According to the most recent schedule provided by the Federal Reserve, it is providing up to $120 billion per day in overnight, revolving loans to Wall Street’s securities firms (primary dealers) at an interest rate of approximately 1.55 percent as of this morning. In addition, it is also offering term loans of approximately 14 days twice a week in the amount of $35 billion, or an additional $70 billion flowing to unnamed trading firms on Wall Street each week. (The $70 billion has been scaled back from $90 billion that was offered for the last week of October.) The term loans are also being offered at a ridiculously low 1.59 percent interest rate as of this morning’s offering.

The interest rate that the free market wanted to charge some of these borrowers on September 17 was 10 percent. But just as the Federal Reserve did during the financial crisis of 2007 through 2010, it jumped into the fray and flooded the market with money it created out of thin air to bring the rate down below 2 percent.

This current mess reminds us of the statement made by Senator Bernie Sanders in 2011 when the Government Accountability Office (GAO) released its audit of the secret $16 trillion money spigot the New York Fed had hooked up to Wall Street during the financial crisis. Sanders said “This is a clear case of socialism for the rich and rugged, you’re-on-your-own individualism for everyone else.”

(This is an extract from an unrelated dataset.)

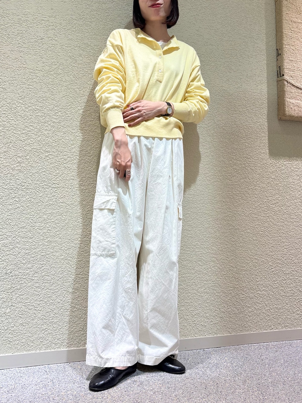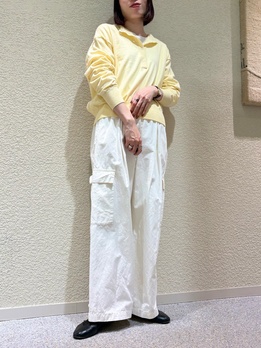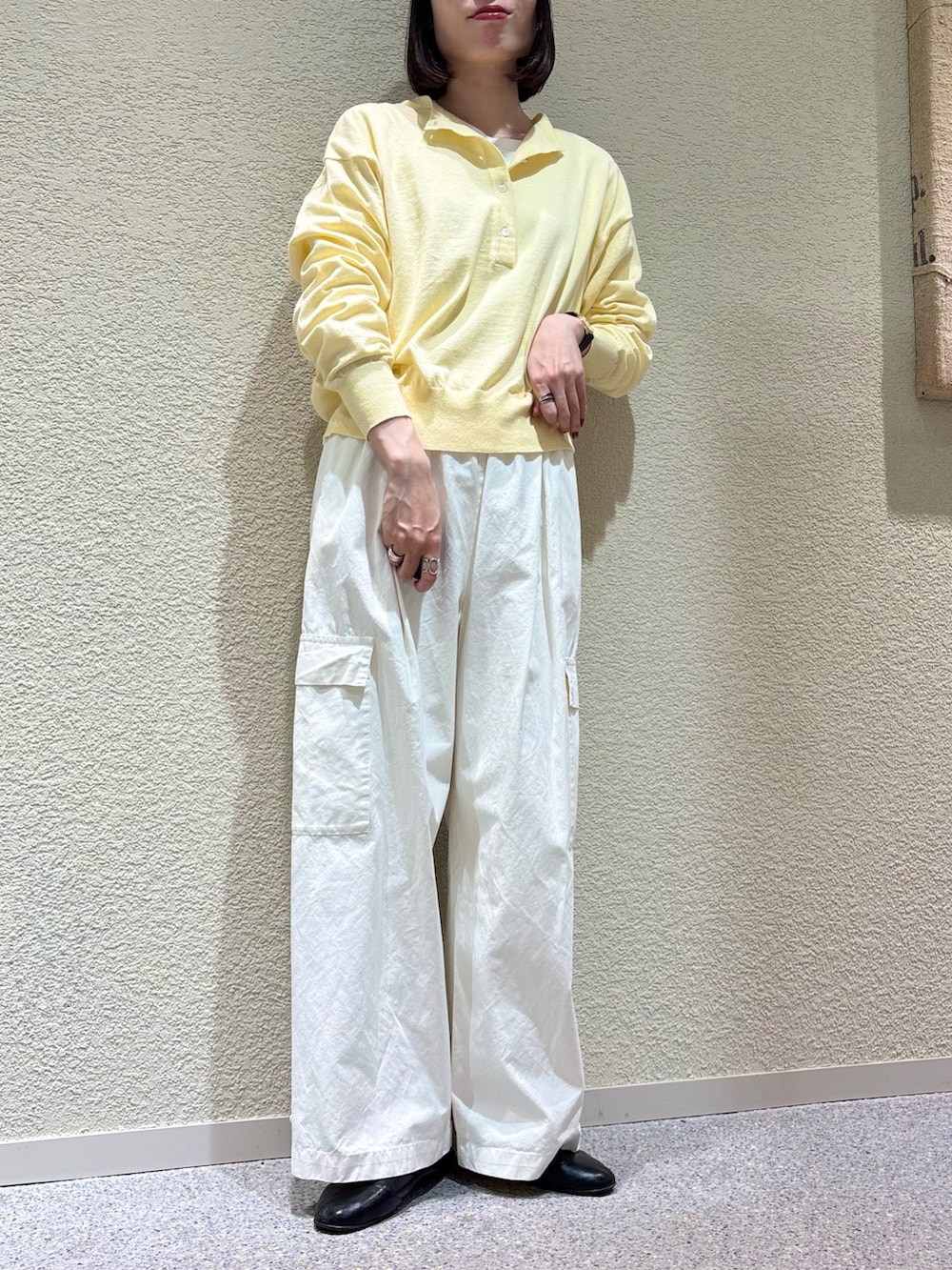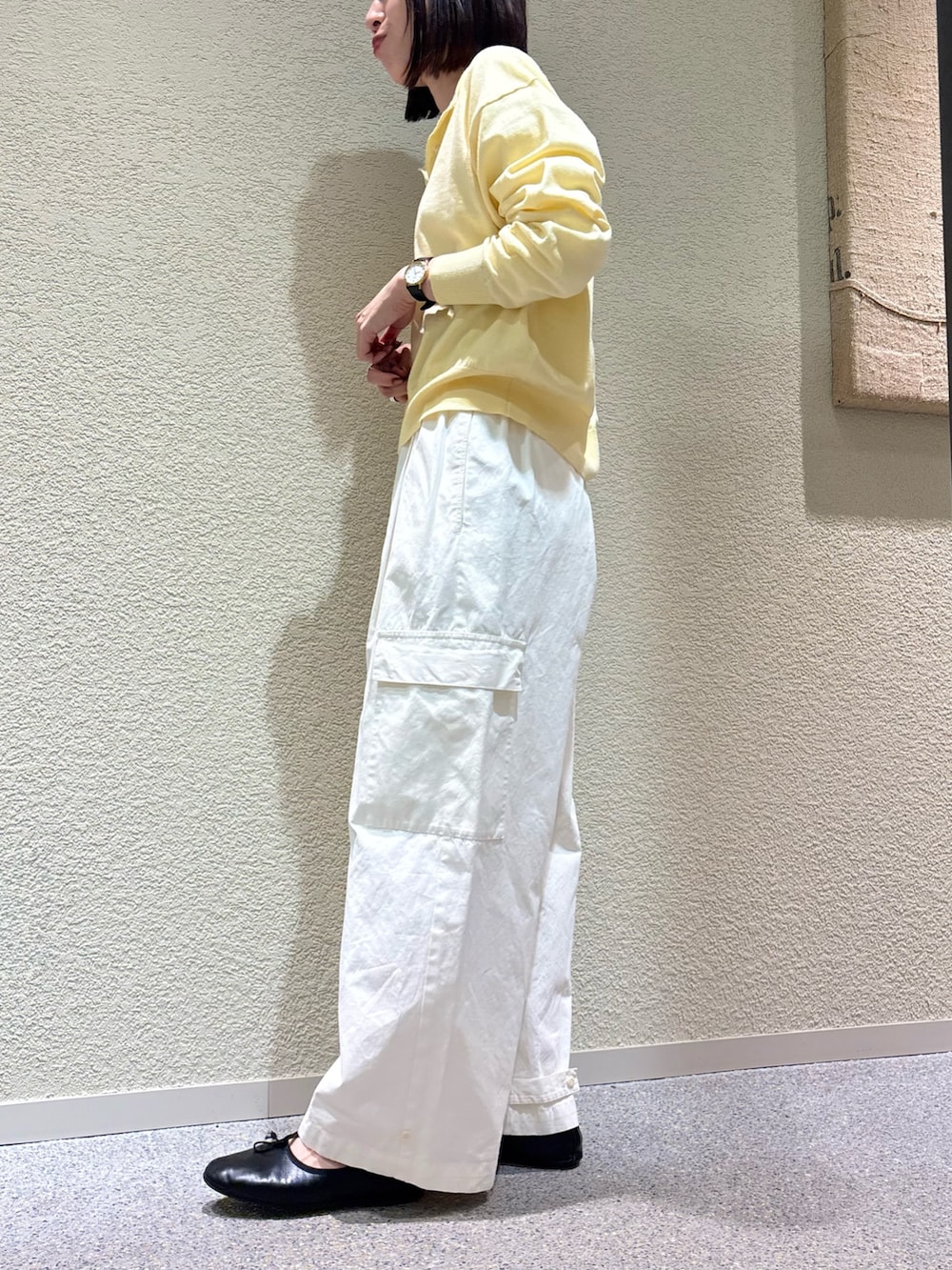 裾のボタン位置をかえるとテーパードシルエットに早変わりします。

Think about that statement for a moment. The Wall Street securities firms getting these loans are owned by some of the biggest banks in America. Those mega banks are charging as much as 17 percent or higher to consumers on their credit cards. If you are an American citizen you can’t borrow from the Fed at 1.59 percent and pay off your credit card rate of 17 percent. So why are the free market principles only being applied to struggling consumers but not to the federally-insured banks that are backstopped by these same taxpayers? The simple answer is that there has been a complete corruption of the political process and the nexus between Washington and Wall Street. The one percent now rule every aspect of money and wealth accumulation in America.